6.2.2 Binary Cross-Entropy (Log-Loss)

\[ L(y, \hat{y}) = -y \log \sigma(\hat{y}) - (1-y)\log(1 - \sigma(\hat{y})), \quad \sigma(z) = \frac{1}{1 + e^{-z}} \]
\[ g_i = p_i - y_i, \quad p_i = \sigma(F_{m-1}(x_i)) \]
\[ h_i = p_i(1 - p_i) \]

The Hessian is the variance of a Bernoulli(p_i) random variable — maximum at p_i = 0.5 (maximum uncertainty) and minimum near 0 or 1 (confident predictions).

6.2.3 Softmax for Multi-class (K classes)

For class k and sample i with true class y_i:

\[ g_{i,k} = p_{i,k} - \mathbf{1}[y_i = k], \quad p_{i,k} = \frac{e^{F_k(x_i)}}{\sum_{k'} e^{F_{k'}(x_i)}} \]
\[ h_{i,k} = p_{i,k}(1 - p_{i,k}) \]

One tree per class is built at each round (K trees per boosting iteration).

6.3 Complexity Analysis

OperationNaive (XGBoost)LightGBM
Histogram build\(O(n \cdot d)\) per tree\(O(n' \cdot d')\) where \(n' = (a+b)n\), \(d' \ll d\)
Split finding\(O(n \cdot d)\) per node\(O(B \cdot d')\) per node
Per-tree total\(O(n \cdot d \cdot D \cdot 2^D)\)\(O(B \cdot d' \cdot J)\)
Memory\(O(n \cdot d)\)\(O(B \cdot d')\)

With \(B=255\), \(n=10^6\), \(d'=0.1d\) (EFB), \(n'=0.3n\) (GOSS):

\[ \text{LightGBM speedup} \approx \frac{n \cdot d}{B \cdot d' \cdot n'/(n)} = \frac{10^6 \cdot d}{255 \cdot 0.1d \cdot 0.3} \approx 130,000 \times \]

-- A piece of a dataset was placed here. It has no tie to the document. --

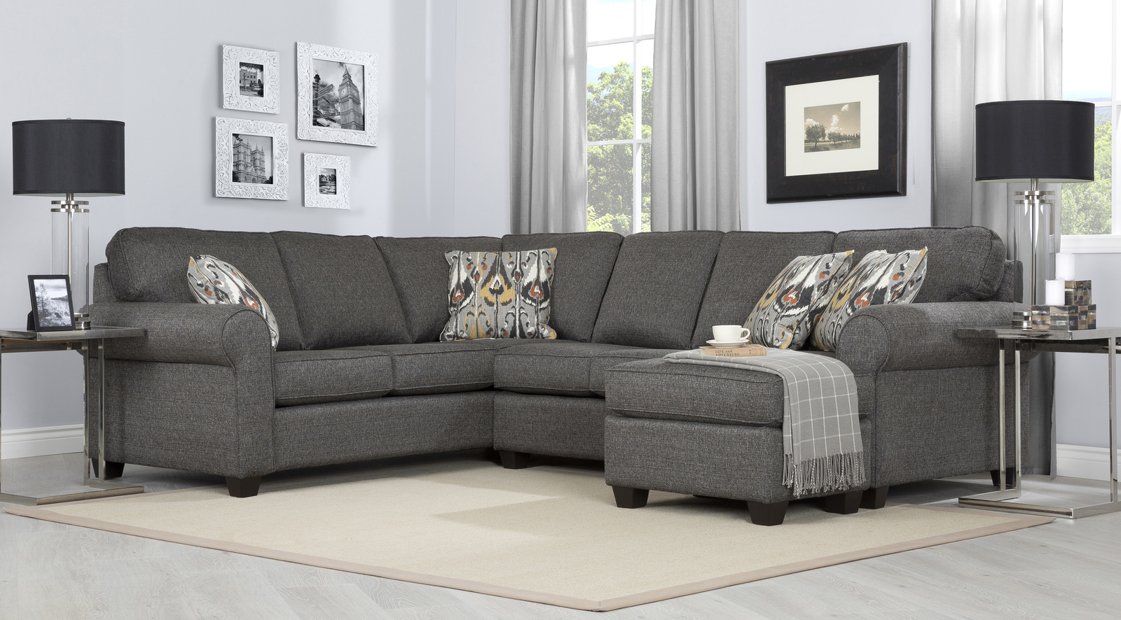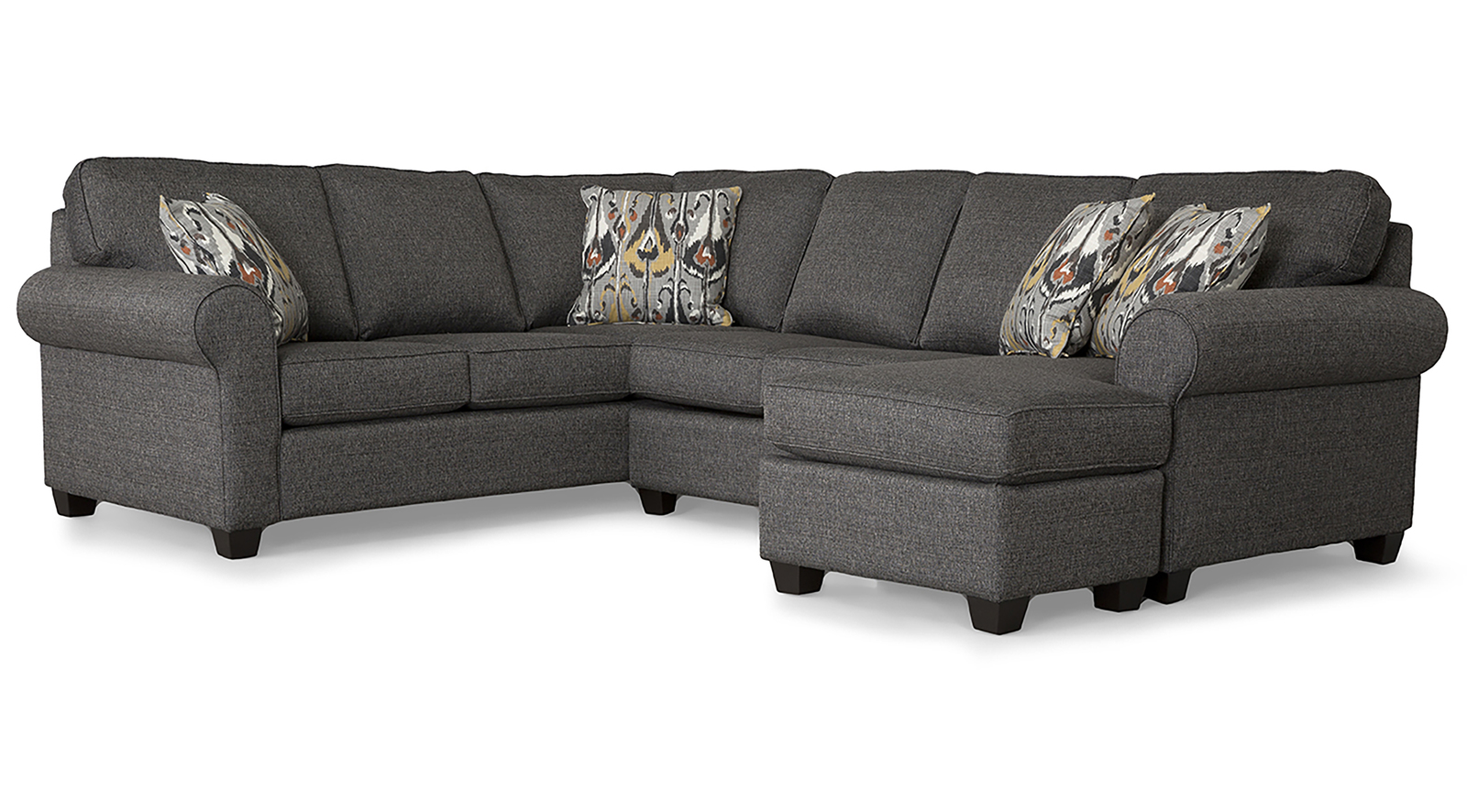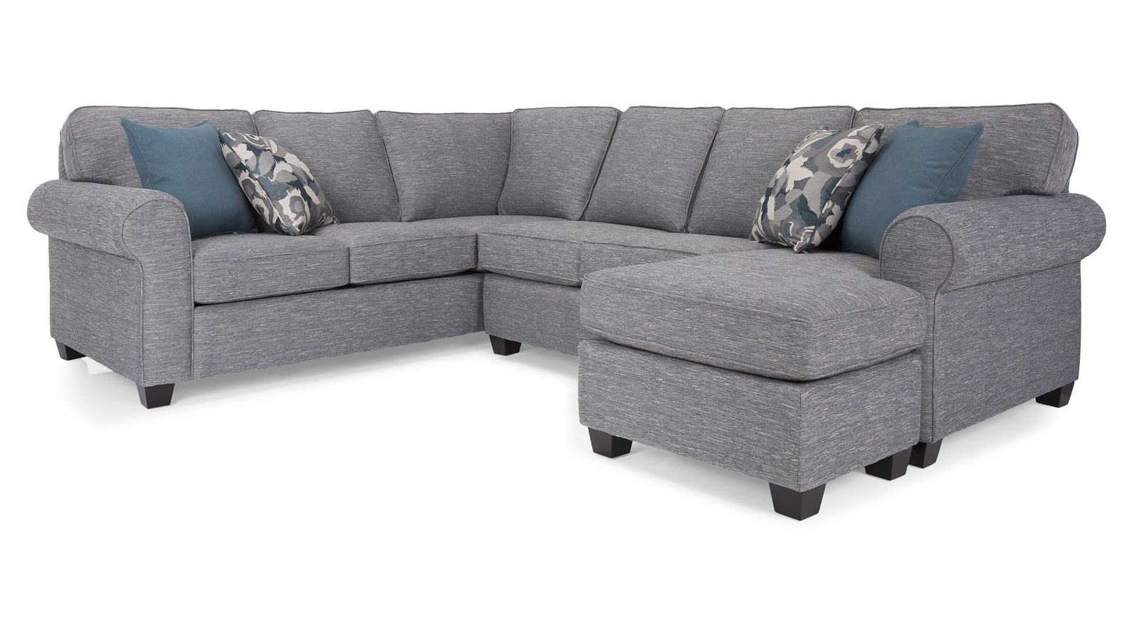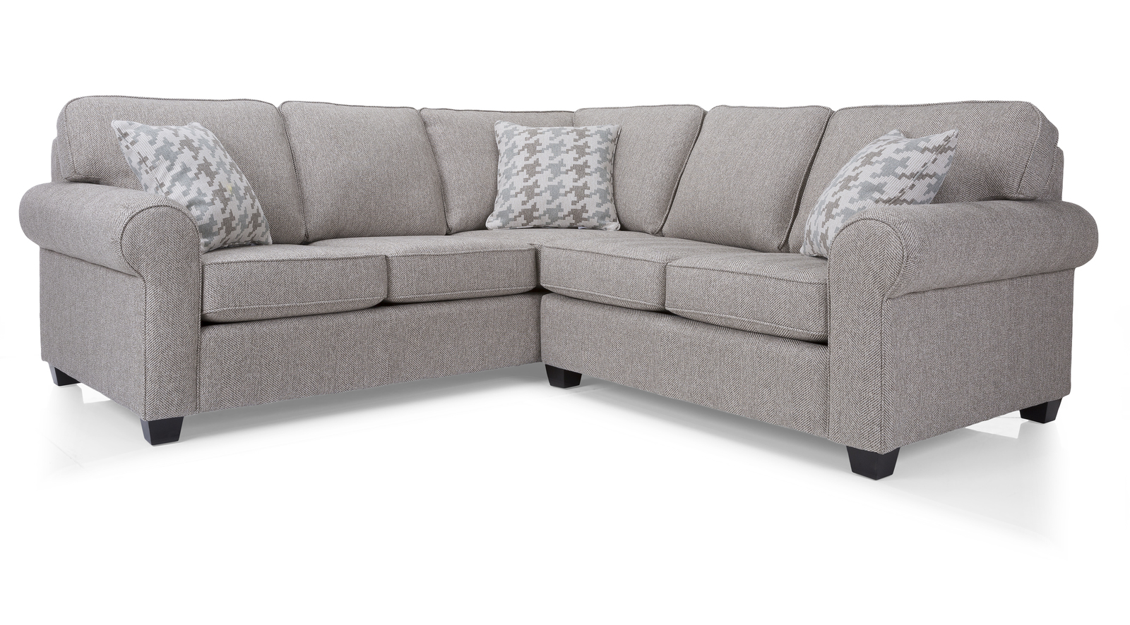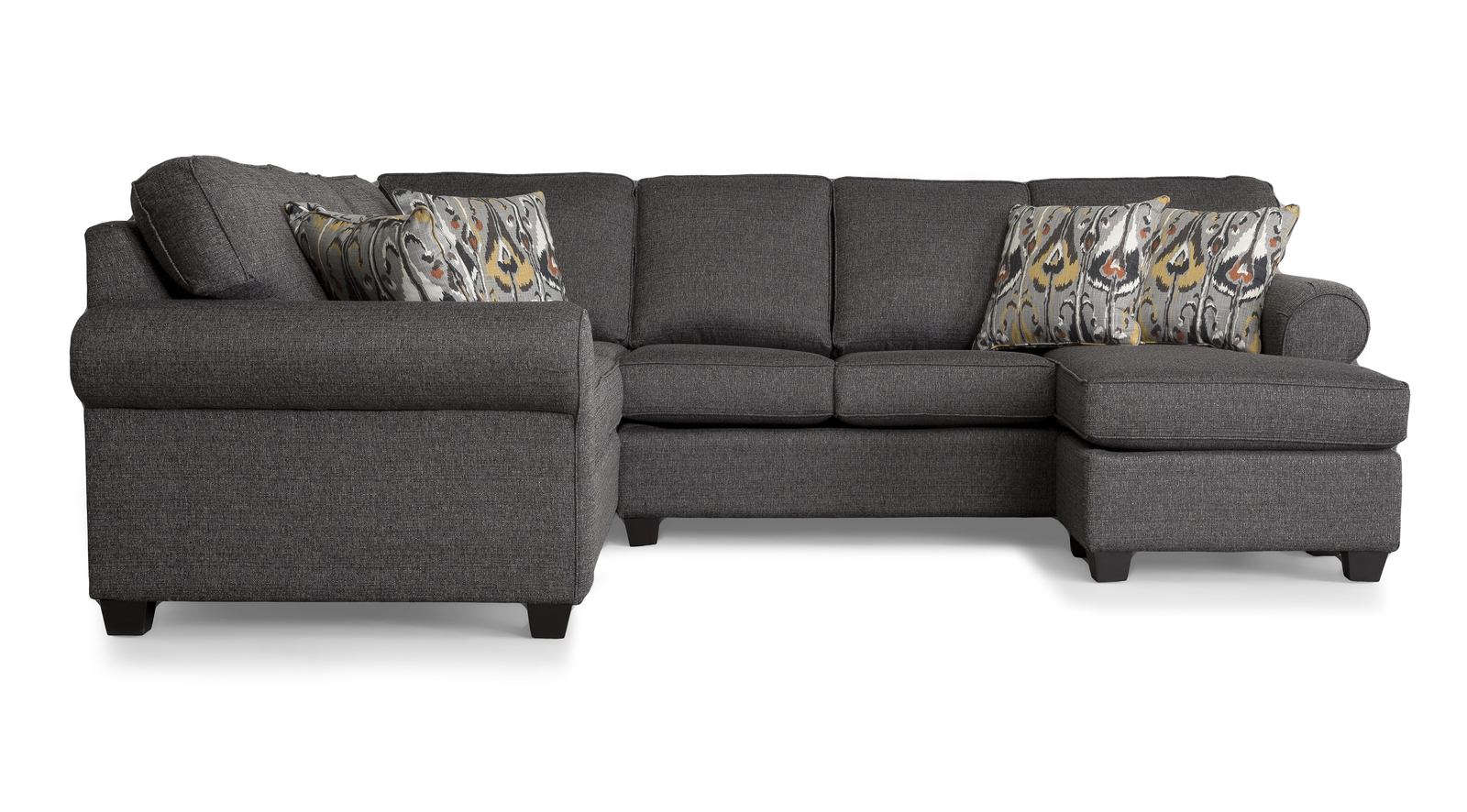 This transitional yet traditional style sectional features semi attached back with rolled arms and an abundance of toss pillows-resulting in a versatile foundation for your seating area. Hand-built by our dedicated upholster artisans in North America.

In practice, the actual speedup is 10–50× due to overhead, cache effects, and sequential tree building.

6.4 DART — Dropouts Meet Multiple Additive Regression Trees

LightGBM also supports DART (boosting='dart'), which randomly drops trees during training (analogous to dropout in neural networks):

  1. Randomly drop a fraction ρ of existing trees from the ensemble
  2. Train new tree h_m to fit residuals of the reduced ensemble
  3. Add h_m back with normalized weights to maintain scale
Effect: DART significantly reduces overfitting and often improves generalization on noisy datasets, at the cost of slower prediction (must run all trees in a specific order).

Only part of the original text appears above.